As America continues to show signs economic tightening, stories abound about companies pulling back on operations and hiring. Historically, many businesses will reduce or eliminate their marketing budgets to save money. In doing so, they are cutting themselves off from the lifeblood of sales and profits, exacerbating the negative effects of a recession, and restricting their growth once the recession is over.
You wouldn’t shut off utilities to save money, so why stop bringing in money during a recession?
Great marketing and branding imprints your message on your target markets’ brains so that they will enter your sales funnel. Movie theaters have mastered this through a surround-sound strategy which includes high-quality speakers all around the theater which immerse you in the music, dialogue and background of any film. Viewers become consciously and subconsciously absorbed because of the precise way all of the elements are weaved together.
It’s impossible to imprint a brand on the minds of target markets if they don’t know that you exist. That’s why marketing and branding should be a 24/7/365 investment in good times and bad, in slow seasons and busy ones.
The best investors follow Warren Buffett’s philosophy on market conditions: When other people are panicking, that’s the time to buy. Economic downturns are a great time for businesses to earn more market share while the competition is retreating or shutting down.
This philosophy helped wastewater treatment company Presby Environmental triple revenue and expand operations during and immediately after The Great Recession. Former CEO Lee Rashkin attributes the company’s success to aggressively investing in marketing and branding while the rest of the industry was in retreat.
“We were a regional business when the recession started,” said Rashkin, the company’s then-marketing lead. “But we had cash on hand, good profits, and competition which left whole market regions open as they cut back.”
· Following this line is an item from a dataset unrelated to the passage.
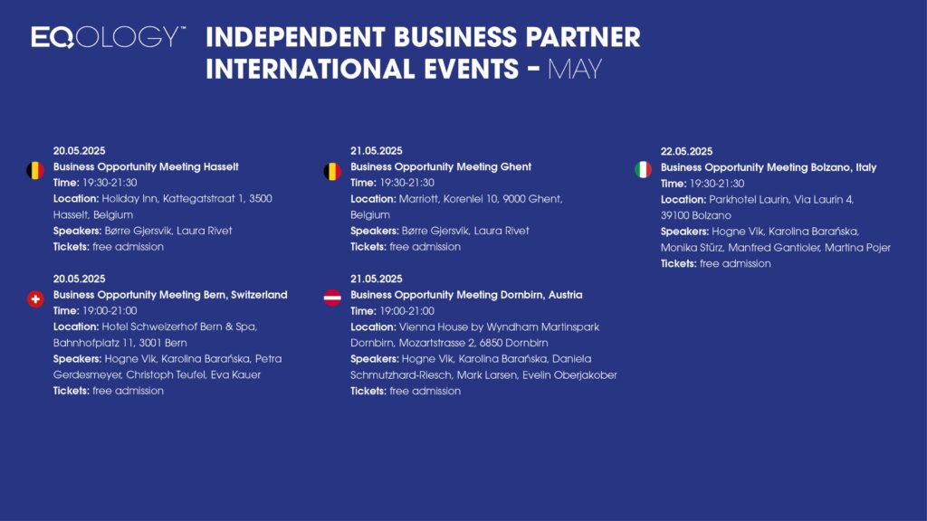 19.05.2025 @ 16:00 – 21:00 – Entdecke das Potenzial von Network Marketing und erfahren mehr über die Chancen einer Zusammenarbeit mit der Firma Eqology, dem Experten für hochwertige Omega-3-Fettsäure Produkte aus dem arktischen Meer. Vor dem Business Opportunity Meeting, welches von 19-21 Uhr stattfindet, findet für bestehende BPs von 16-18 Uhr ein Business Partner Training statt. Deine Gesundheit und dein Erfolg […]
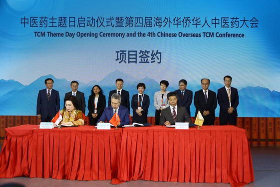 在中医药主题日启动仪式上,北京中医药大学、世界中医药学会联合会、中国中医科学院广安门医院和北京中科芯健医疗科技有限公司分别与美国、秘鲁、比利时、日本、印度尼西亚等国有关中医机构分别签署合作协议。

Mistakes are magnified in a recession. But so are opportunities for those who are prepared. At the height of the COVID-19 pandemic, online marketing guru Neil Patel noted that digital ads were cheaper and getting more clicks. Statista observed that the average cost-per-click for a Facebook ad dropped by almost 20% between January and March 2020. And my father’s home service company increased its radio ad presence by 65% for free just by staying on the air.
By the time Rashkin guided Presby to a private sale in 2019, it had become the second-largest onsite wastewater treatment company in America. And he says a lot of that was due to its recession-era advantages.
“As a medium-sized business, we had a lot of room to grow into new markets. Additionally, we had strong margins which gave us the financial capabilities to market aggressively and make new hires. So, even as the industry was retracting, our market presence grew considerably.”
Recessions force companies to examine their entire operation. This examination may lead to streamlining processes, cutting deadweight, and reallocating resources to the most profitable and loyal customers. But just as the money saved by cutting utilities would cause more harm than good, no company can survive without sales and profits – the lifeblood of which is marketing and branding.
Jack White is an attorney with McGuireWoods who works with companies ranging from a few million dollars in annual revenue to over a billion dollars. He says his best clients increased their marketing and branding budgets during the pandemic-induced recession.
“Not surprisingly, my clients who saw the greatest success through the downturn had an interesting perspective on marketing,” said White. “Rather than dwelling on the risk of expanding their marketing budgets, they viewed it as more risky not to do so. The downturn would conclude at some point, and they wanted to be best positioned to expand their footprints afterwards.”
Not every company can follow Presby Environmental’s path of growth during a recession. It may be all that your company can do to stay afloat as sales plummet. But by staying in the marketing and branding game, your company will continue to stay in front of target audiences – giving you a huge advantage for post-recession recovery because you’ve continued to imprint on people’s minds.
This requires preparation well before the recession. Rashkin, who has founded two companies since selling Presby, says that the most important preparation is on the balance sheet. “Recessions will come and go; and you may not know they’re coming. Focus on your core market, be careful with debt, and position your business to be greedy when others are fearful.”